Cover Feature - Dealer Location. the Big Issue.

Considering the scale of investment now required for new or upgraded dealerships, there must be unshakeable confidence that showrooms will remain the principal channel through which consumers source their vehicles. For along with the decline in the number of franchised agreements, an increase in manufacturer involvement through ownership and, not least, a flurry of takeover activity, the relocation of outlets from city centres and other congested hotspots to out-of-town and edge-of-town sites has been a defining characteristic of the recent vehicle distribution scene.

It helps, of course, to have deep pockets or a rich parent. Sytner – acquired in 2002 by United Auto Group, one of America’s leading dealer groups – has been one of the biggest spenders. In April of last year it continued its ‘super site’ strategy by consolidating two medium-sized BMW outlets into one development on the outskirts of High Wycombe at a cost of nearly £20m. Construction has just started on a similar facility in Bristol for Mercedes-Benz. 

For other dealer groups, the attractions of ‘critical mass’ come with sites which are multi-franchised. Charles Hurst’s 20-acre operation in Boucher Road, Belfast, is reported to be the biggest single-owned multi-franchised site in Europe and represents no fewer than 13 marques, most of which have a dedicated showroom and workshop. What is shared by all parts of the business is centralised accounting.

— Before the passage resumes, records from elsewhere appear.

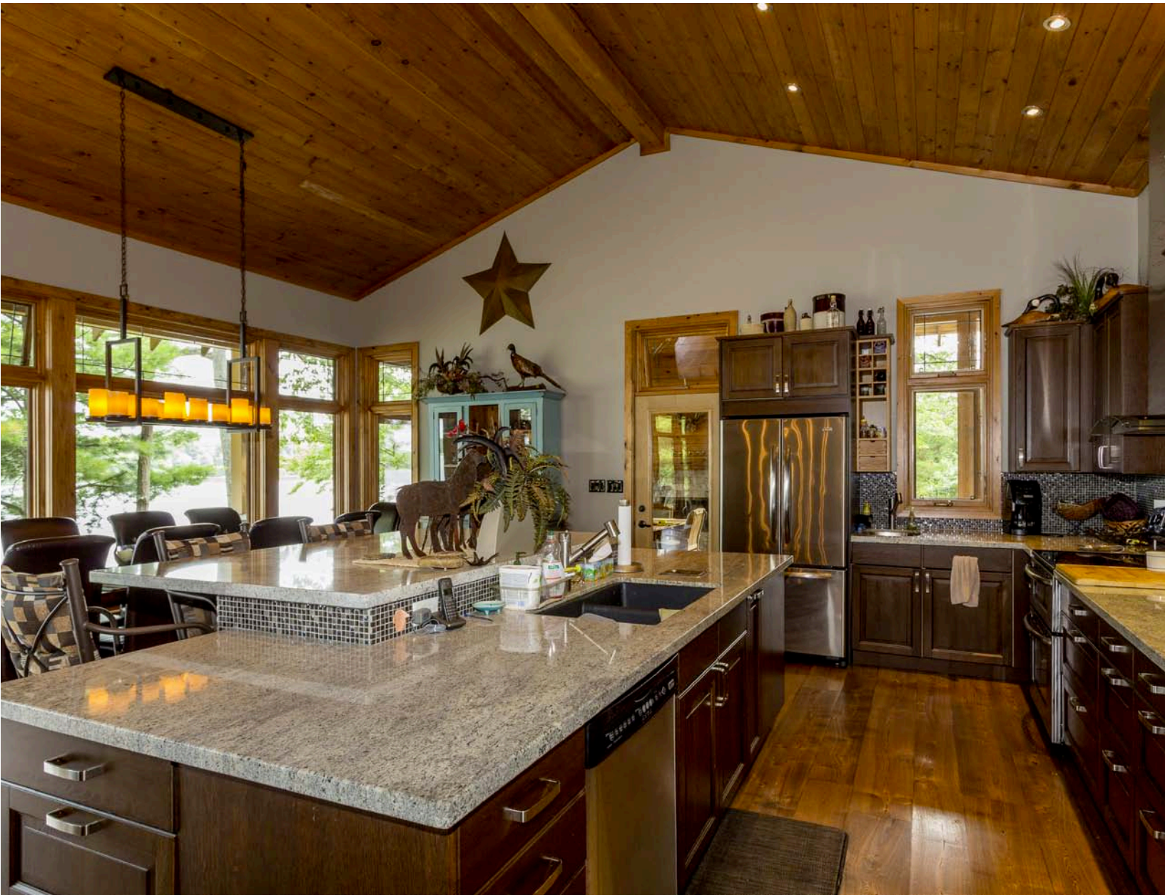
The spacious kitchen offers generous storage and prep. areas. Cabinetry is oak, countertops granite and appliances stainless steel. A central two level island seats 4.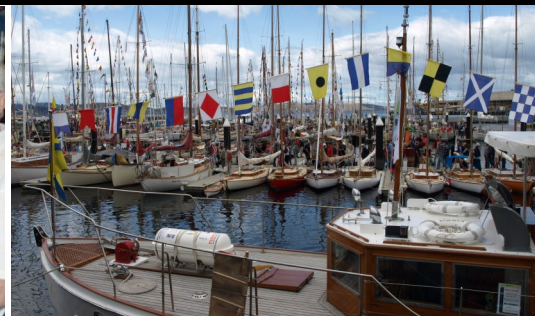
Boats entered in the Festival. Image by Tori Carr.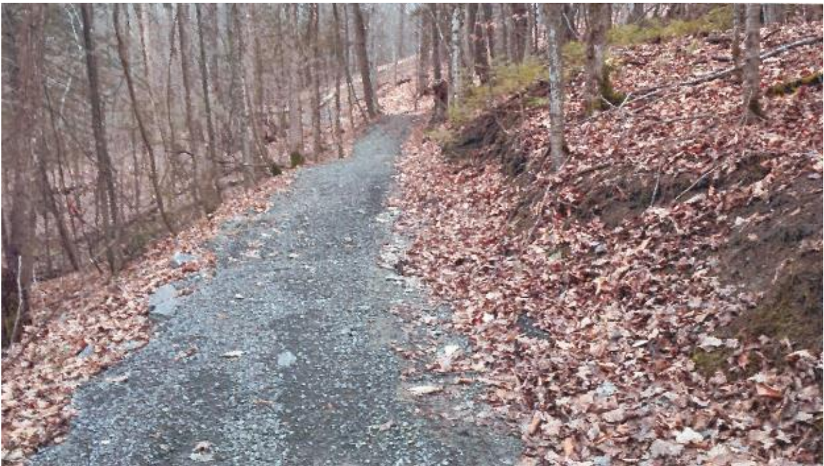
Photo No. 21 – Erosion of cut above pathway. Cut approximately 45 m long x 0.3 m to 0.8 m high.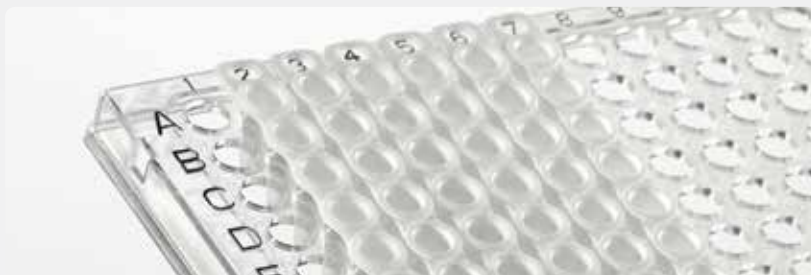
4ti-0950-F Vari-Strip™ 480/96 frame for Roche LightCycler 480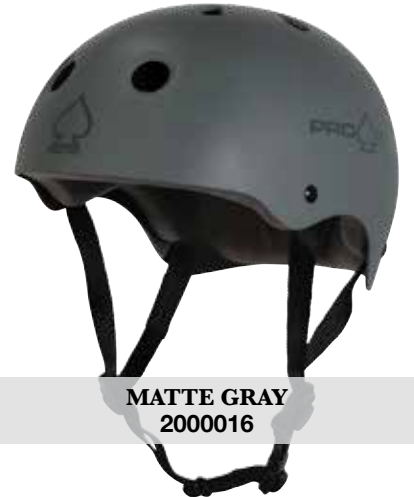
MATTE GRAY 2000016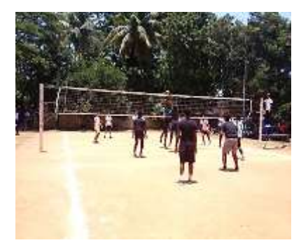
INTRAMURAL - VOLLEY BALL - BOYS

The site has become the focal point of the group’s distribution operations in the region and is reported to be within a reasonable drive-time for 70% of Northern Ireland’s population.

Marshall Motor Group is one of the pioneers of today’s preference for multi-brand selling from a single location. Its Cambridge centre, opened in 1995, features 11 marques, with a similar operation in Peterborough accommodating seven marques.

Consolidation of outlets is one outcome of the succession of takeovers, which poses a challenge for the new owners: will loyal customers be happy with a new name on the signage, or will they want the ‘comfort factor’ engendered by the old name? City Motor Holdings in Basingstoke has gone for a compromise, with Honda going under City’s name, while Citroen and Peugeot trade as Viking and Ford retains the Gowrings’ moniker. 

Another permutation of the autopark theme is to be seen at Perth’s ‘Motor Mile’, where 15 brands are on sale through three dealer groups  – Arnold Clark, Cameron Group and Pendragon – along with three independent businesses.

Although competitors, Motor Mile’s occupants co-operate in a number of ways. For example, they advertise together on television and there is a joint website (www.perthmotormile.com) with links to each dealer’s website. And, like the Charles Hurst autopark, they reap substantial economies of scale through central buying of commodities and services such as power and telephones.Though the population of Perth and its environs is far too small to support an operation of this size, the depth and range of vehicles on offer appeals to a much wider area and it is reported that 90% of people in Scotland are within a 90-minute drive. Camerons Audi reports that 70% of its customers come from outside the area, with some from as far afield as the south of England.    

There are three main factors generating these supersites. First, central and local government planning policy is resisting the redevelopment of existing dealerships in towns and cities – let alone the establishment of new ones – because of  issues related to space, parking and traffic. Councils are much more in favour of dealerships being relocated to retail parks and the fringes of urban areas, thereby freeing up land for more appropriate uses such as ‘affordable’ and retirement housing.

Second, many dealerships are on prime land capable of commanding a hefty premium from property developers. This is all the more attractive for long-established family-owned operations – particularly those which own the freehold – where the second or third generation would like to realise assets rather than struggle on with a low margin business.

Third, most vehicle manufacturers are pushing for plush new dealerships since they view this as crucial for the maintenance of brand values and hence for the long-term future of their market presence. Customers of upmarket brands such as BMW, Jaguar and Mercedes-Benz have come to expect a range of feel-good and added-value features including a grand entrance bedecked in chrome, marble, mirrors and potted plants, satellite TV, ‘free’ coffee and refreshments, leather seating and so on.

Even on a more practical level, supersites offer the attractions of easier parking and, in the case of multi franchises, the ability to view a wider range of products.

But with new-build dealerships typically costing anything between £1.5-£4m, it’s unlikely that the small and medium-sized retailers will have the wherewithal to keep pace with changes in distribution. It’s yet one more reason to expect continuing consolidation.